TotalEnergies Gas & Power Limited
- Company type: Limited company (subsidiary of TotalEnergies)
- Industry: Utilities
- Founded: 1987 (as AGAS Limited)
- Headquarters: Kingswood, United Kingdom
- Area served: United Kingdom
- Key people: Dave Cranfield, Sion Roberts
- Products: Gas Electricity
- Parent: TotalEnergies
- Website: business.totalenergies.uk

= TotalEnergies Gas & Power =

French-owned UK company

TotalEnergies Gas & Power is a business energy provider in the UK. A wholly owned subsidiary of French Oil Supermajor TotalEnergies. It is the largest industrial and commercial natural gas supplier in the UK.

==History==
Formed during the deregulation of the business gas market in 1987 as AGAS Limited, it is the first independent supplier of gas to the UK market.

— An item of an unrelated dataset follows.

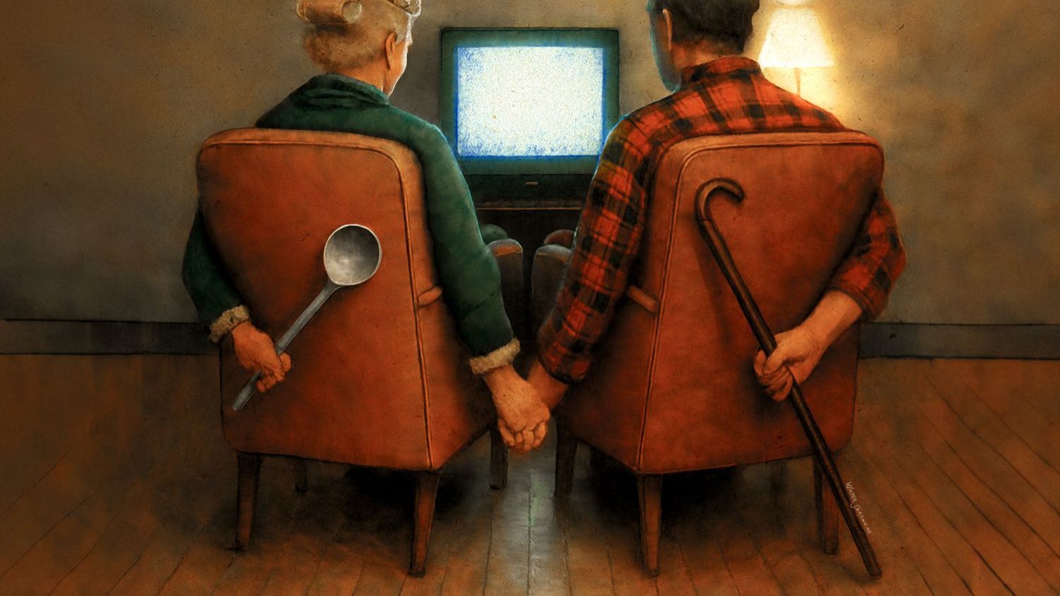 L’intuizione centrale della regia trasporta la coppia dei coniugi Ubu dal loro contesto originario a una dimensione domestica e inquietantemente familiare: quella di due borghesi in vestaglia e pantofole. Davanti a una televisione, simbolo del desiderio di apparire e di un’ambizione mediocre, i protagonisti si lanciano in un’avventura disastrosa, che li porterà a sognare la tirannia per poi tornare, immancabilmente, alla loro piccola routine quotidiana.

In 1996 the company became a wholly owned subsidiary of Elf Aquitaine and changed its name to Elf Business Energy in 1999. When the parent group Elf Aquitaine merged with Total Fina to become TotalFinaElf in 2000 the company name was changed to TotalFinaElf Gas and Power Limited. In 2003 the company name was changed to Total Gas & Power Limited as part of the global rebranding of the Total Group.